[Stored records]
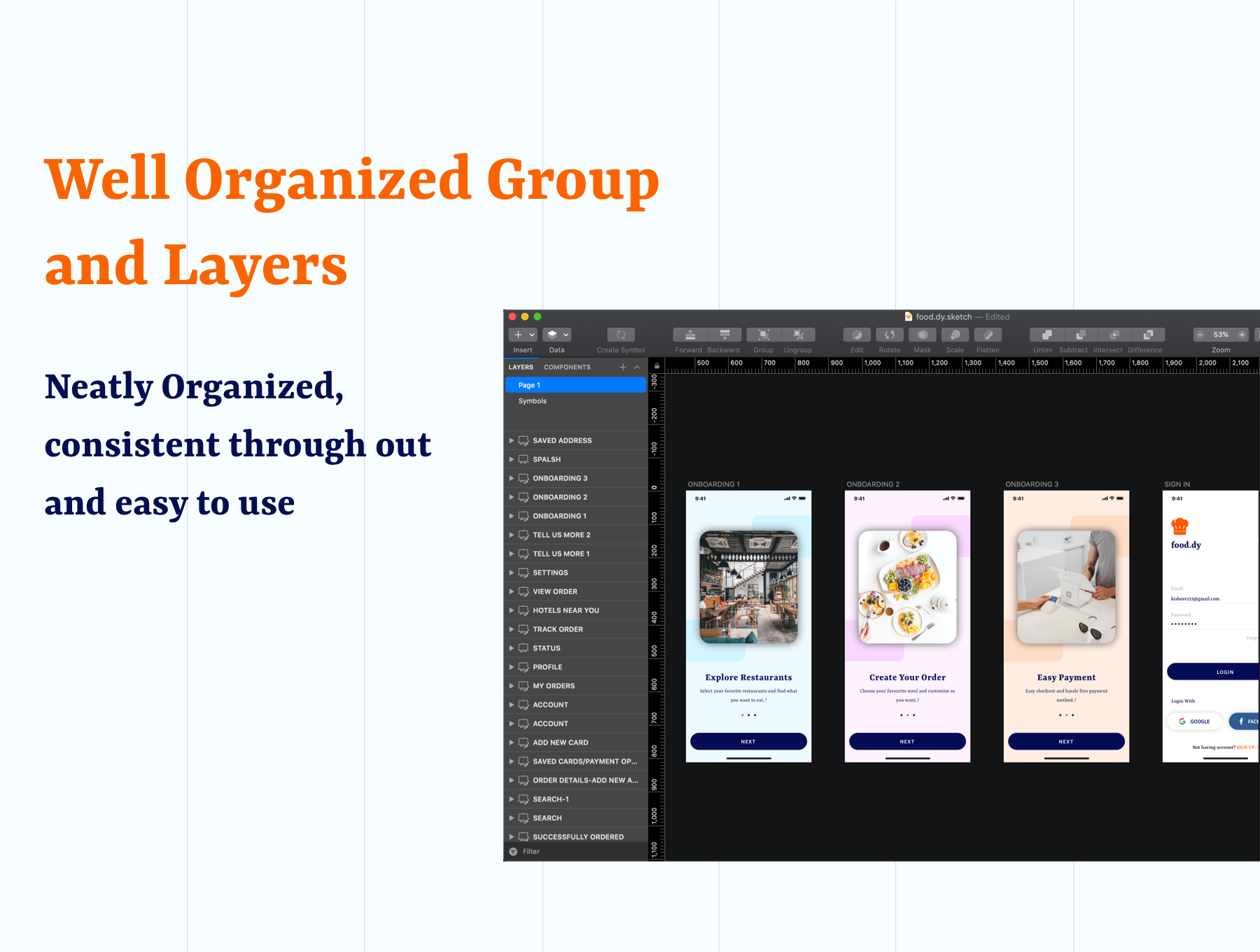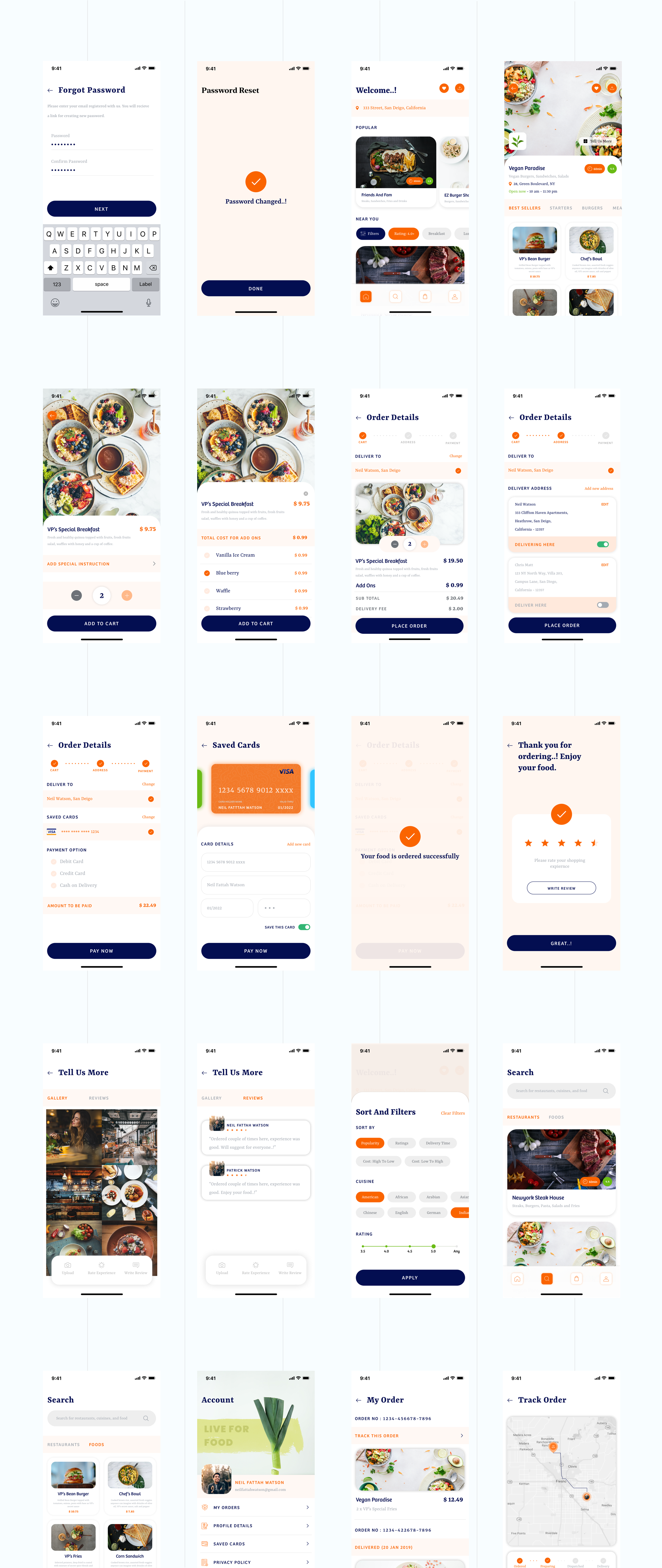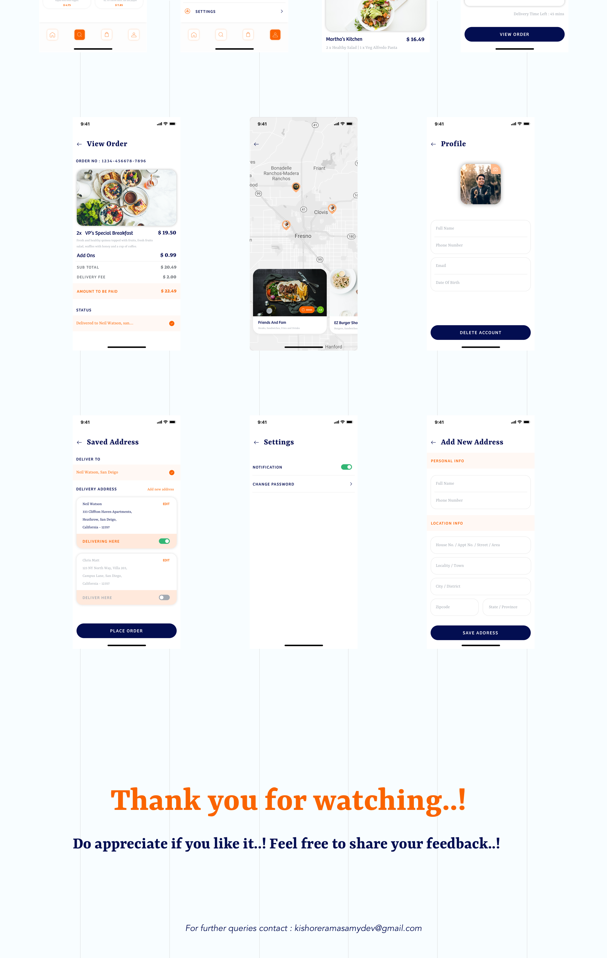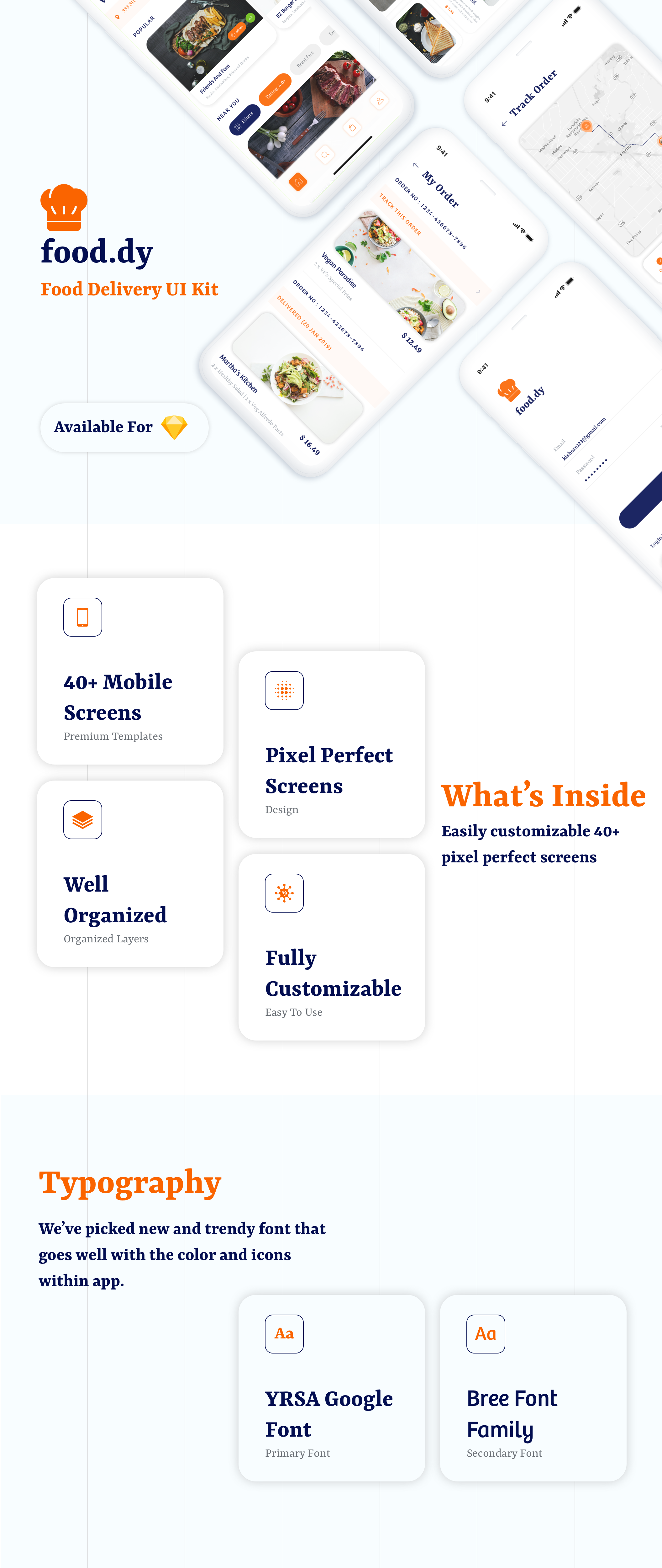Food.dy交付应用程序iOS UI套件包括40多个预先制作但完全可定制的屏幕。 只需修改文本和颜色样式并添加您自己的内容,您可以轻松地制作此套件。 它有一个简单的设置和餐厅业务所需的许多功能。
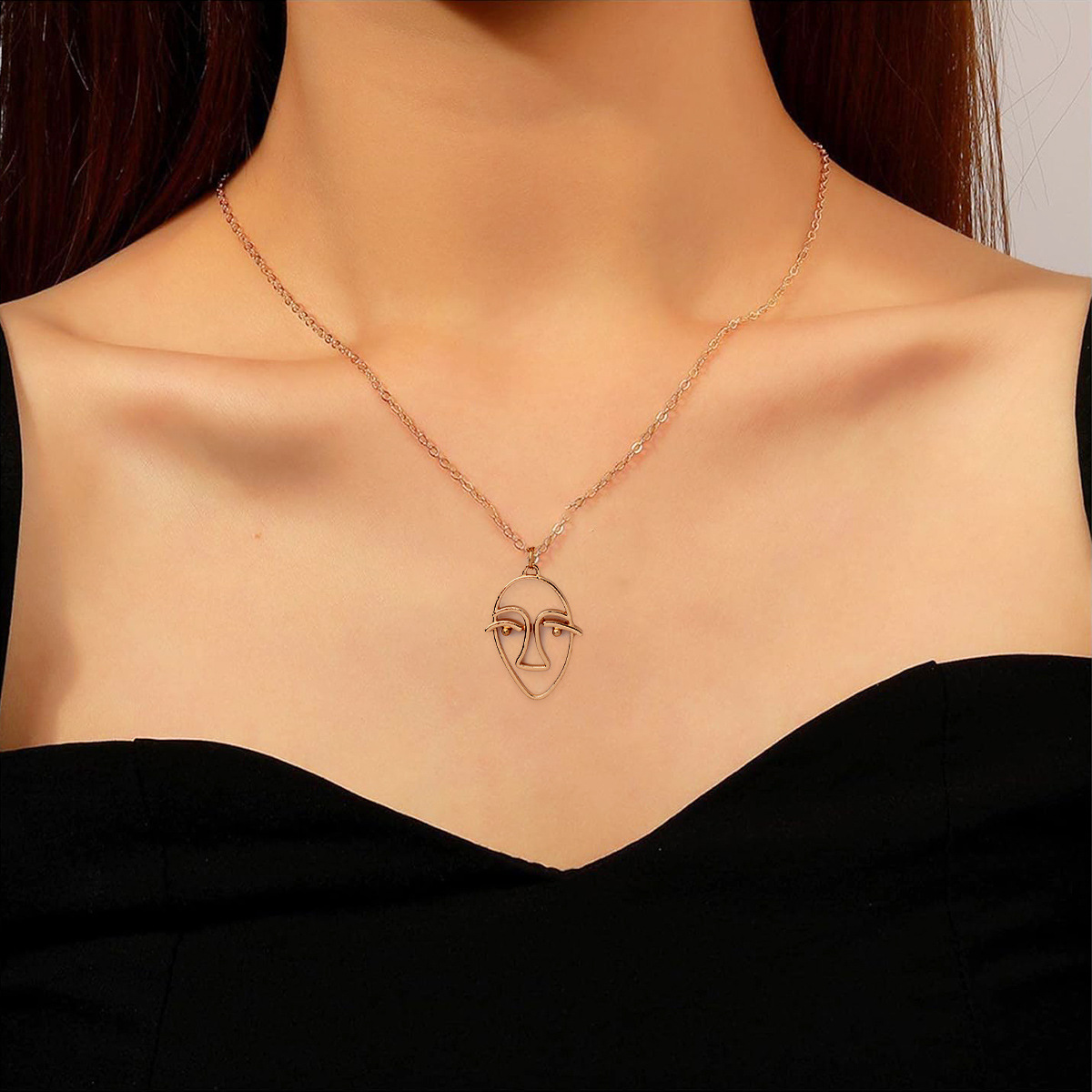 アマゾンの爆発的な不規則な顔の透かし彫りネックレス国境を越えたファッション流行合金のシンプルなスタイルの個性ネックレス
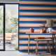 - Sur un intissé texturé évoquant la fibre du papier, des rayures verticales sont tracées. Elles associent de nouvelles couleurs : nude et bois de rose, sorbet et miel. Certaines références seront totalement mates, d’autres trouveront au milieu de leurs rangs un coloris bronze, réalisé à l’encre métallique. Des mariages audacieux de teintes, inspirés de la palette du Cap Ferret.
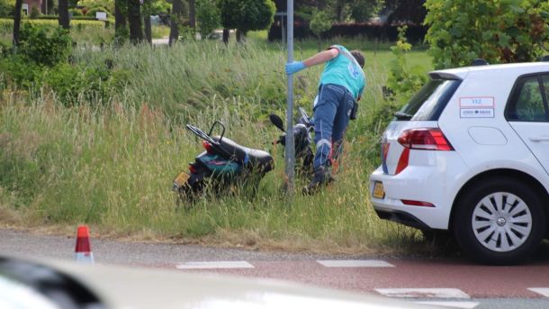 Op de kruising van de Lage Valkseweg met de Walhuisweg in Lunteren zijn dinsdagochtend rond 08:00 uur een personenauto en een scooterrijder op elkaar gebotst.
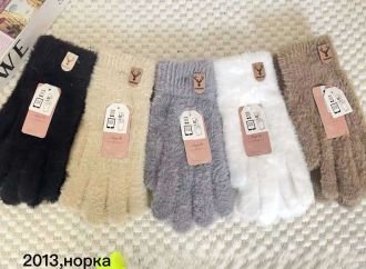 Рукавички жіночі "Anjela" 2013 норка з пальцями для сенсорного екрану, асорті -(однотонні з норки +на манжеті емблема) -уп. 12 шт.
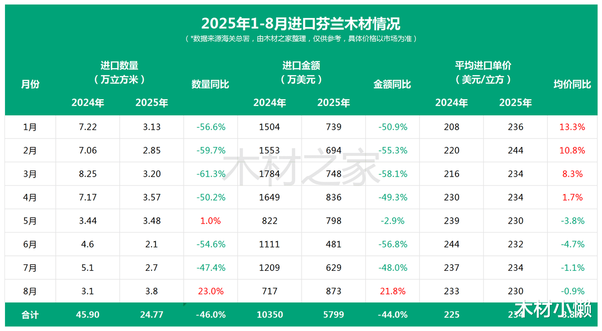 出口市场方面,中国作为芬兰木材重要的出口国之一,海关数据显示,8月中国自芬兰进口木材3.8万立方米,环比增41%,同比增23%;对应货值873万美元,环比升38.8%;平均到岸单价微跌0.9%。然而,年初至8月累计进口量仍较2024年同期下降约46%,显示整体需求仍处下行通道,单月反弹尚不足以扭转全年颓势。
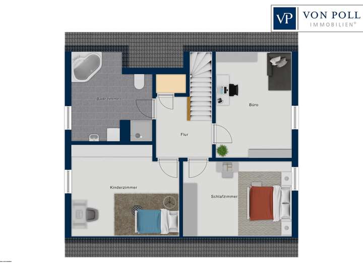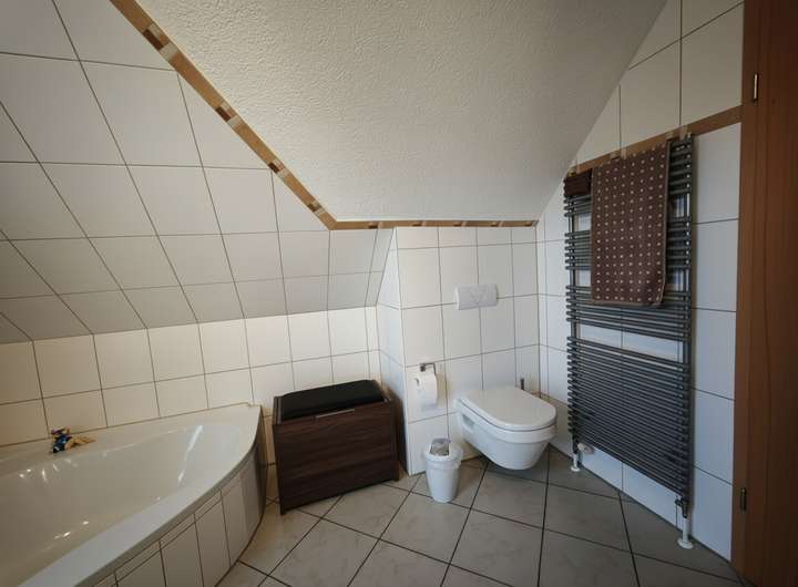 Zusätzlich bietet der gedämmte Dachboden praktischen Stauraum für saisonale Gegenstände oder weiteres Inventar.
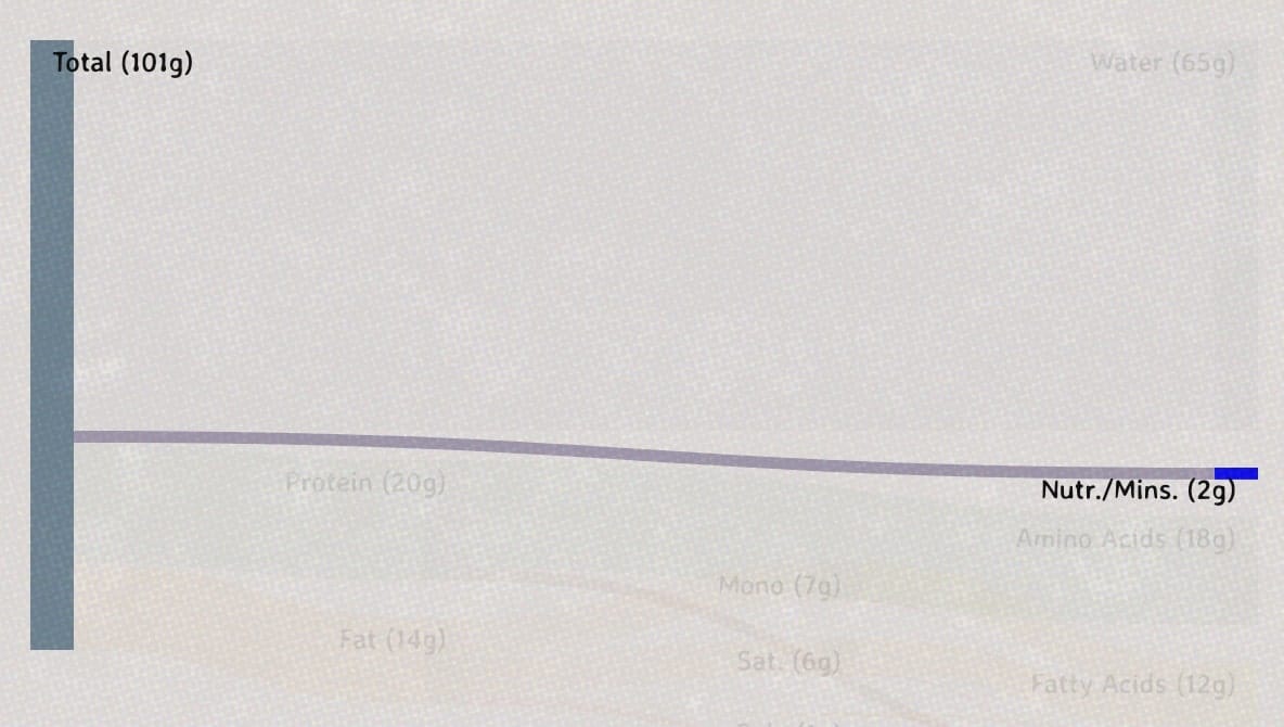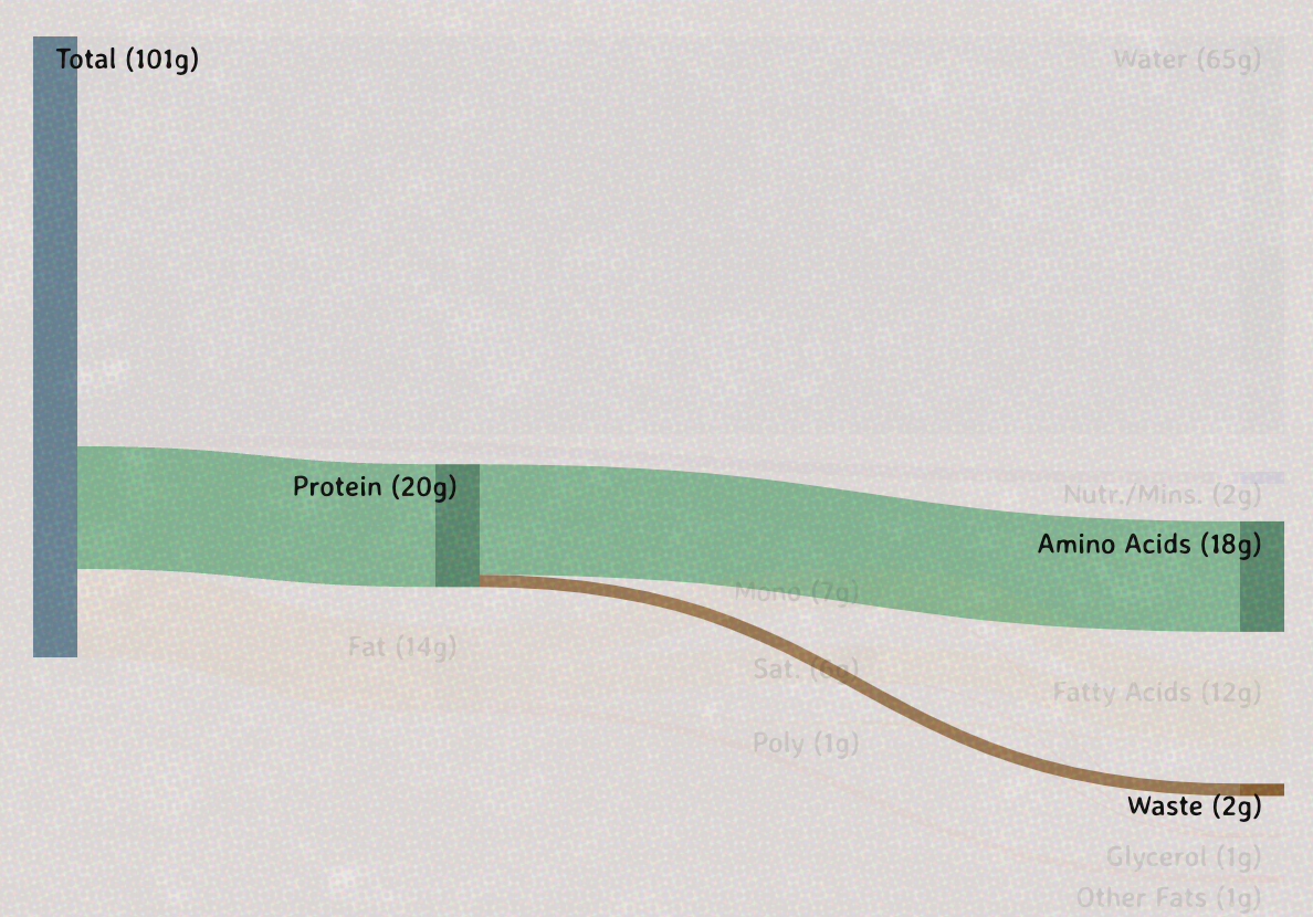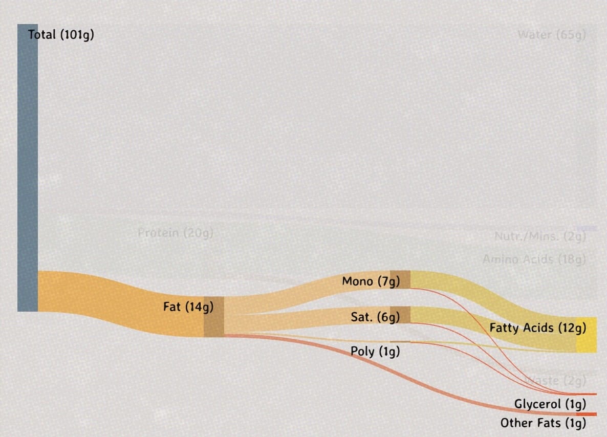 When examining a Sankey diagram that compares the nutrient composition of raw and cooked meat, it seems like the proportion of nutrients—such as protein and fat—in cooked meat is significantly higher than in its raw counterpart. This, technically, would imply that cooked meat is ‘more healthy’ than its raw counterpart.

● Exercise instructions
Please transcribe exactly the part of the records that opens with the line containing "-уп. 12 шт." and closes with the line containing "出口市场方面,中国作为芬兰木", both ends included, and leave out the pictures.

● Output
 Рукавички жіночі "Anjela" 2013 норка з пальцями для сенсорного екрану, асорті -(однотонні з норки +на манжеті емблема) -уп. 12 шт.
 出口市场方面,中国作为芬兰木材重要的出口国之一,海关数据显示,8月中国自芬兰进口木材3.8万立方米,环比增41%,同比增23%;对应货值873万美元,环比升38.8%;平均到岸单价微跌0.9%。然而,年初至8月累计进口量仍较2024年同期下降约46%,显示整体需求仍处下行通道,单月反弹尚不足以扭转全年颓势。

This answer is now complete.